I've read up on SQL Server 2008's encryption function, but I'm not convinced that's the route I want to go. My problem ultimately boils down to the fact that we're either using symmetric keys or assymetric keys encrypted by a symmetric key. Thus it seems like a SQL injection attack could lead to a data leak. I realize permissions should prevent that, permissions should also prevent the leaking in the first place.
It seems to me the better method would be to asymmetrically encrypt the data in the web application. Then store the private key offline and have a fat client that they can run the few times a year they need to access the restricted data so the data could be decrypted on the client. This way, if the server get compromised, we don't leak old data although depending on what they do we may leak future data. I think the big disadvantage is this would require re-writing the web application and creating a new fat application (to pull the restricted data). Due to the recent problem, I can probably get the time allocated, so now would be the proper time to make the recommendation.
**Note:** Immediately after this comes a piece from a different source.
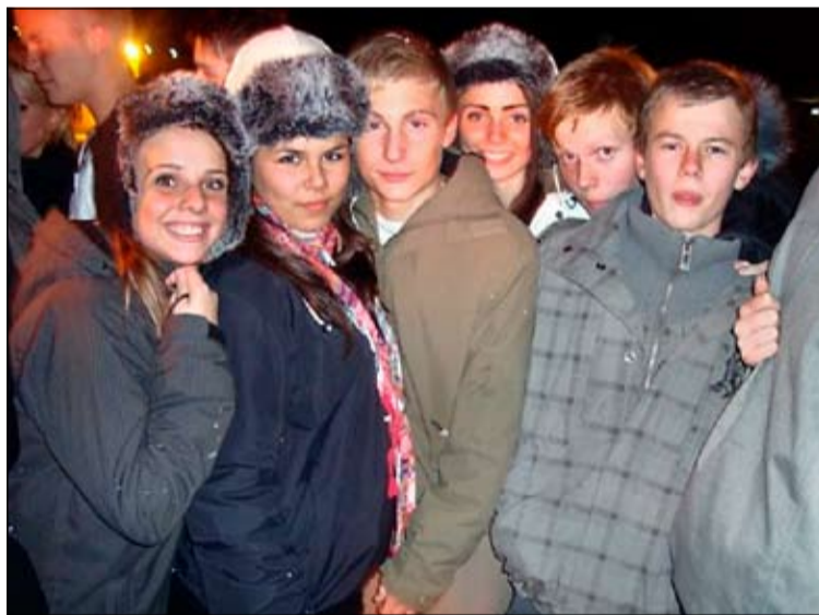
Tilbúin í slaginn.

pool borð, borðtennis, fótbolta-spil og margt fleira. Mætingin hefur verið með besta móti nú í byrjun árs, enda ekki að undra, því mikið líf og fjör er alla jafna í 111. Við viljum hvetja unglínga til þess að gerast vinir félagsmiðstöðvar-

Do you have a better suggestion? Which method would you recommend? More importantly why?
Encryption in SQL is really only good for securing the data as it rests on the server, although that doesn't mean that it is unimportant. When you mention that a prime concern is injection attacks or the likes, my concern would be whether or not the database uses a single account (SQL or otherwise) to connect to the database, which would be common for a public internet site. If you use integrated authentication, or connect to SQL using the same credentials supplied to the application, then SQL's encryption might work fine.
However, if you're using a single login, SQL's encryption is going to manage encrypting and decrypting the data for you, based on your login. So, if your application is compromised, SQL may not be able to protect that data for you, as it implicitly decrypts it and doesn't know anything is wrong.
You may want to, as you suggested, encrypt/decrypt the data in the application, and store as bytes in the database. That way you control who can decrypt the data and when (for example, you could assign the key to decrypting this data to those few employees you mentioned that are in a specific role). You could look into Microsoft's Security Application Block, or Bouncy Castle, etc. for good encryption utilities. Just be careful about how you manage the key.
Update:
Although you could potentially use two connection strings: one normal, with no rights to the encrypted data, and one that has the key and the rights to the data. Then have your application use the appropriate connection when the user has the rights. Of course, that's pretty kludgy.
Some practices that we follow:
Never use dynamic sql. It's completely unnecessary.
Regardless of #1, always parameterize your queries. This alone will get rid of sql injection, but there are lots of other entry points.
Use the least priviledged account you can for accessing the database server. This typically means the account should NOT have the ability to run ad hoc queries (see #1). It also means that it shouldn't have access to run any DDL statements (create, drop, ..).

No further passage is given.